As I promised you guys last month via Instagram that I will post the recipes as soon as I am done with the course. This is the sauce I've been asked about the most during my chef trainee period. The thing is there are so many versions of the "main ingredients" but the method is almost the same. At the first trainee place, they added different types of roots, and onion to the stock, the other place used red onion, red bell peppers, carrots, and more fresh herbs. Below are the two sauce differences in photos but the result was almost the same if you follow the method correctly. 

Here I will include different types of recipes for you guys to choose from, one is described in details and one is quick. Enjoy!

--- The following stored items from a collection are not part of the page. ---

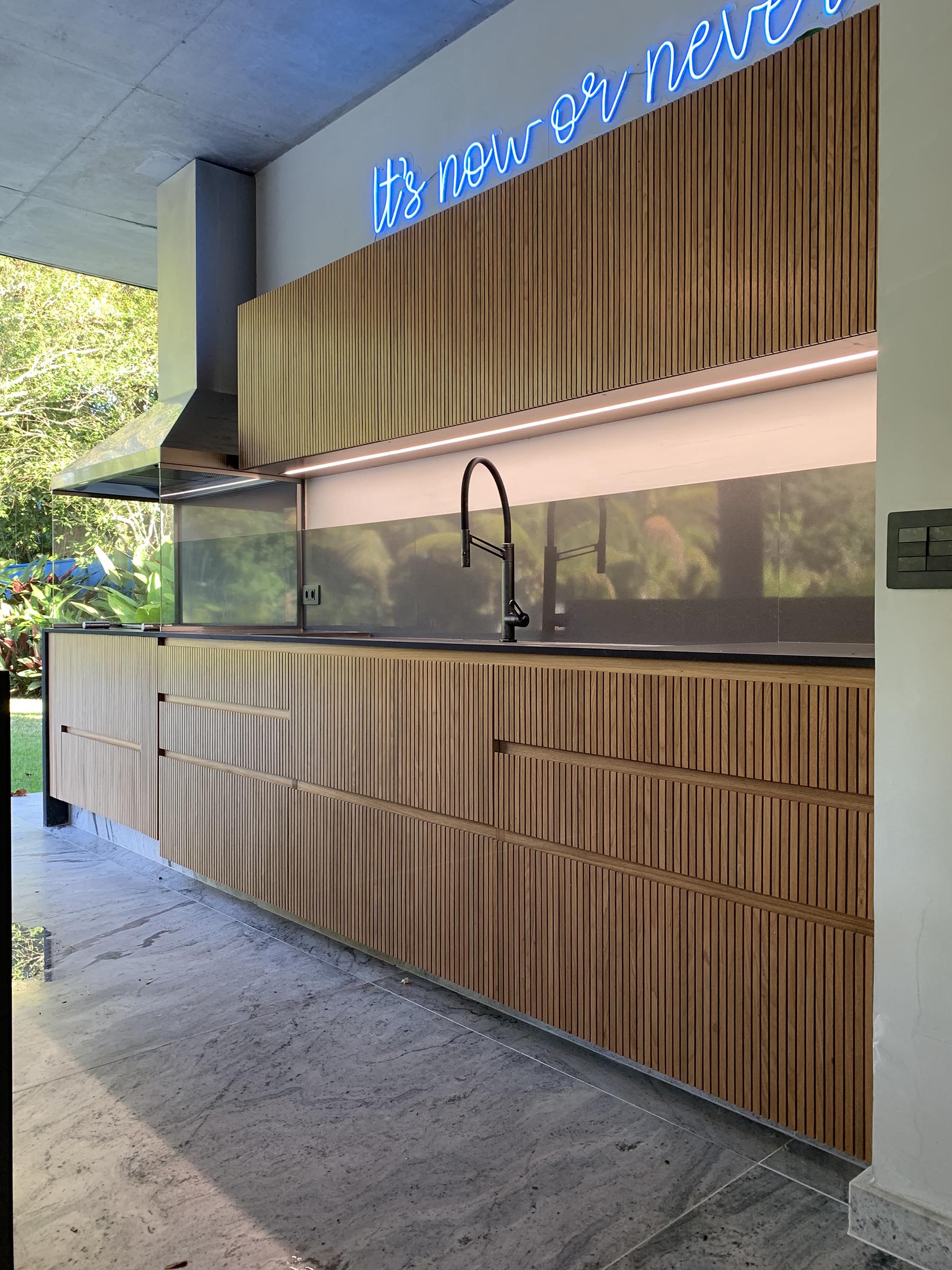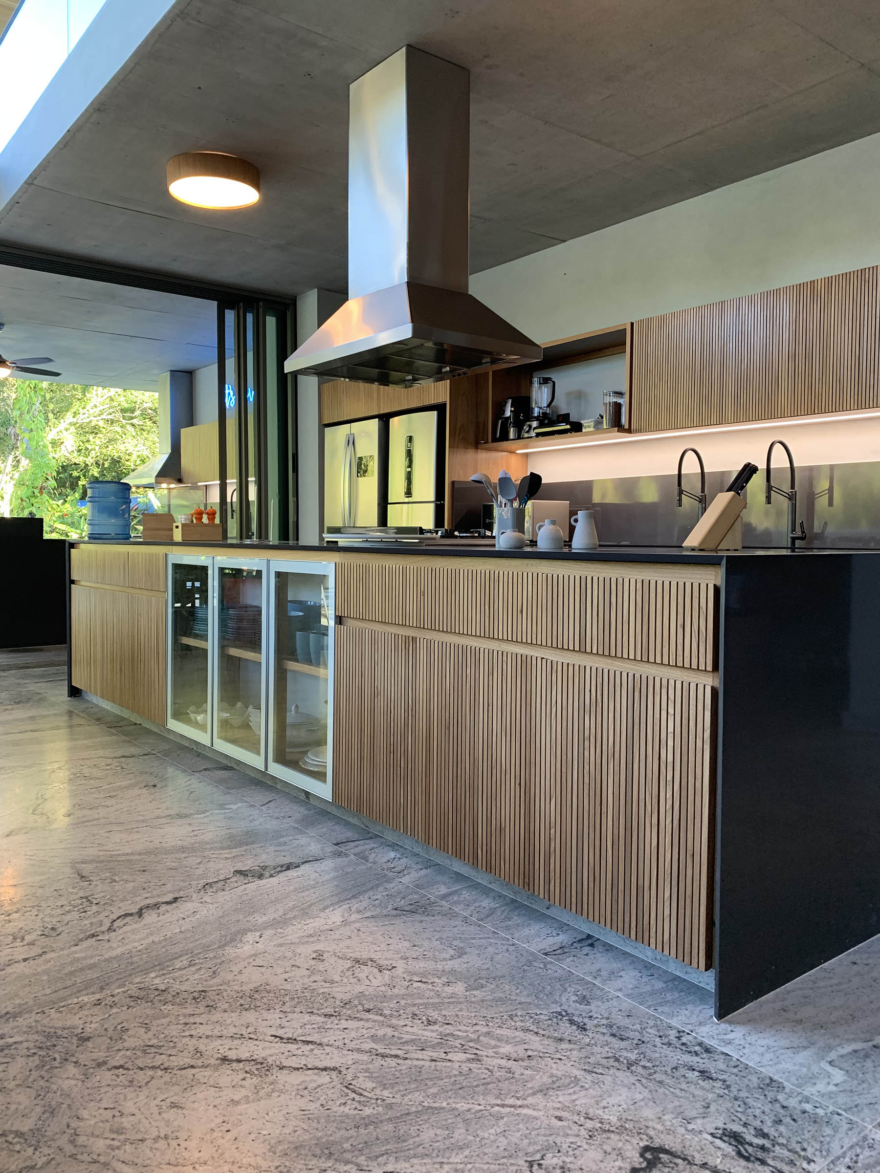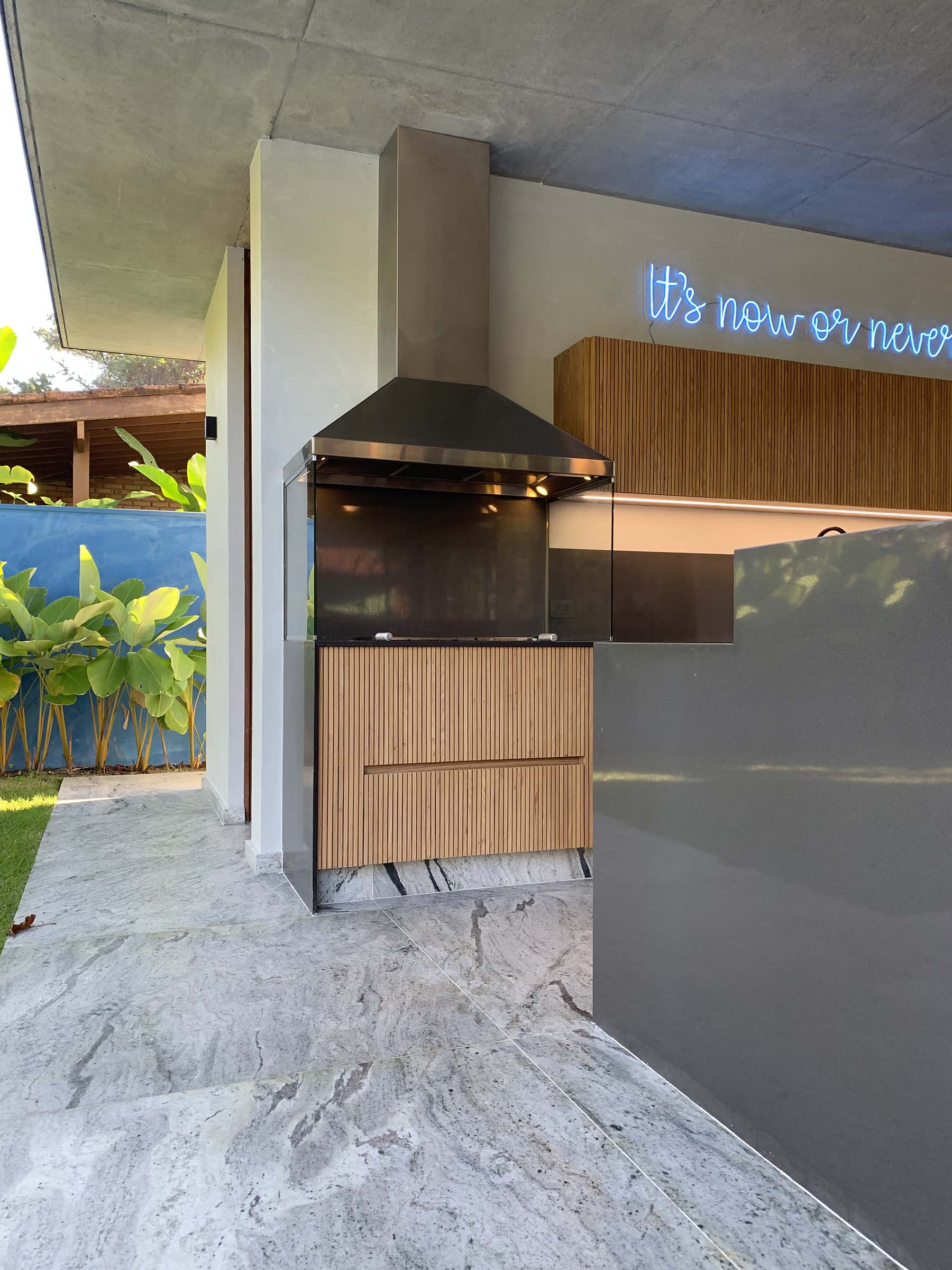 A integração entre a cozinha interna e externa é um pilar do projeto, otimizando a experiência de uso e a fluidez entre os ambientes. Essa conexão proporciona versatilidade e amplifica as possibilidades de lazer e convívio.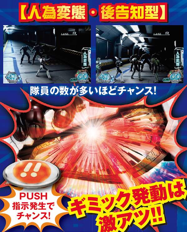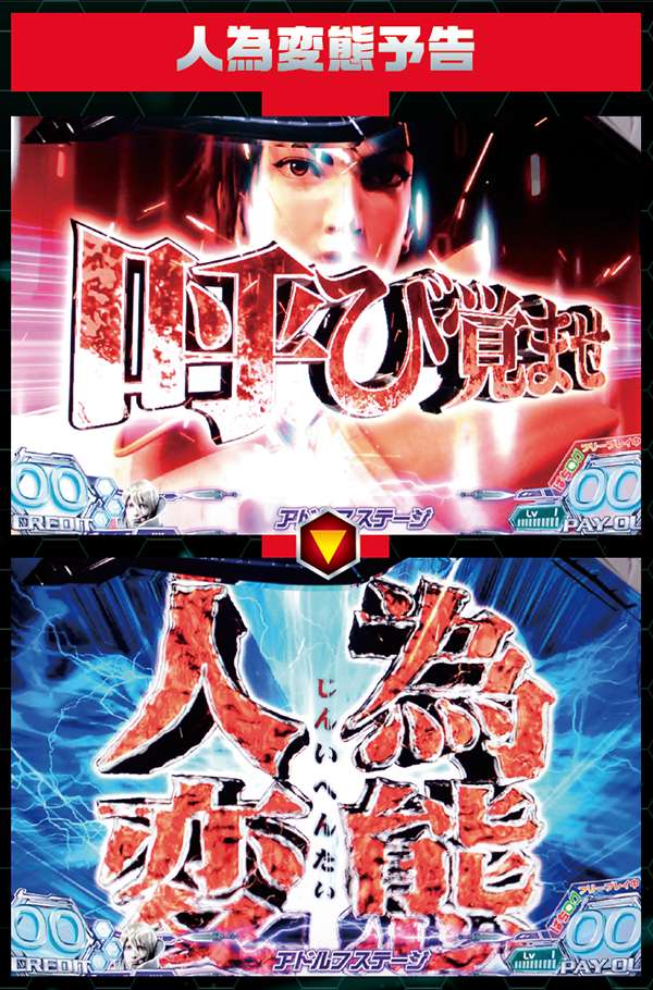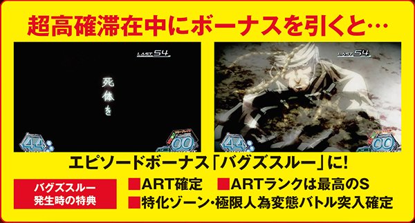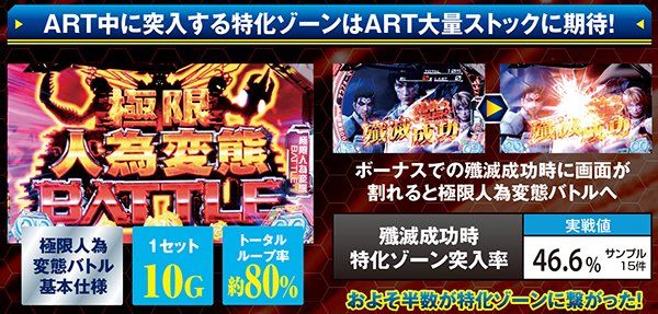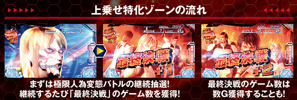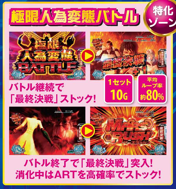 特化ゾーンは2部構成で、まずは「極限人為変態バトル」にて「最終決戦」のゲーム数を貯めていく。ループ抽選に漏れると今度は最終決戦へと移行し、ここで攻撃を成功させるたびにストックを獲得できる。本機は特化ゾーン自体の継続率も高いので、消化にかかるG数も積もると馬鹿にならない。
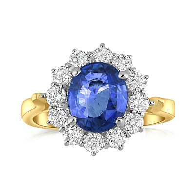 A brand-new, unused, certified natural diamond & blue sapphire cluster ring, with one oval-cut blue sapphire gemstone at the centre & a cluster of brilliant-cut diamonds in a halo setting, set in 18ct white & yellow gold.

Photos from both trainee places 



Recipe by MAGNUS ALBREKTSSON

5 thyme twigs
1 red onion
75 cl red wine
1 l reduced veal stock (see recipe and tips below)
salt-
about 25 g butter

1. The onion should not get any color; therefore you start with a cold saucepan. Put the onion in the saucepan and sauté (fry without it taking color) onion. This is done to pull out the rawness from the onion and bring out sweetness. Sauté until the onion is soft and collapses.
Add thyme; Tie the twigs together before they put in the saucepan and it will be easier to pick them up when they have done so. It works well with dried thyme as well.

3. Add the red wine. Reduce (boil) the wine until it is almost as syrup in consistency; The red wine should be caught on the onion as well. The wine that is left in the saucepan is now very acidic.

4. Add the stock. Simmer. Skim. If you neglected to skim the fund, it will show, and then you will skim away the fat. Allow the sauce to simmer for 10-15 minutes, until about half of the sauce remains. Strain the sauce through a chinoise (fine-meshed sieve). Waiting for longs to strain, it becomes harder to get the sauce through the silk as it becomes thicker in the consistency. The red onion has now released all its sweetness and all its flavors. Do not forget to press the last one out of the onion as well.

5. Now reduce the sauce to the desired consistency by simmering it, not boiling it. No rescue is needed, because the binder from the legs on which the stock is cooked gives a fine consistency on the sauce.

6. Now the sauce is shiny and almost black in color. All the flavors are left and the water is boiled off. The dark color comes from the fact that we used roasted tomato paste in the calf fund on which the sauce is based.

7. Now it's just the last left: to salt and mount in the butter. Always salt with your fingers. When salted enough, you get the feeling in your fingertips and they remember how much you usually salt.
The sauce must simmer when the butter is added, because if it is not sour, then the butter and the sauce will settle, and the butter will lay on top of the sauce. Stir in the butter in the sauce to work properly; this gives additional brightness to the sauce.



A quick Red wine sauce
Recipe by Bittersweet Taste of North
https://bittersweettastesofnorth.com/

8 dl of red wine

8 dl veal stock

2 shallots

2 sprigs of thyme

1 bay leaf

10 pcs black peppercorns

salt and sugar

butter

Mince the shallots and fry them in butter. Add the sprigs of thyme, the bay leaf and black peppercorns. Add the wine and cook until 2 dl remain. Add the veal stock and boil until 4 dl remain. Strain the sauce. Season the sauce with salt and sugar.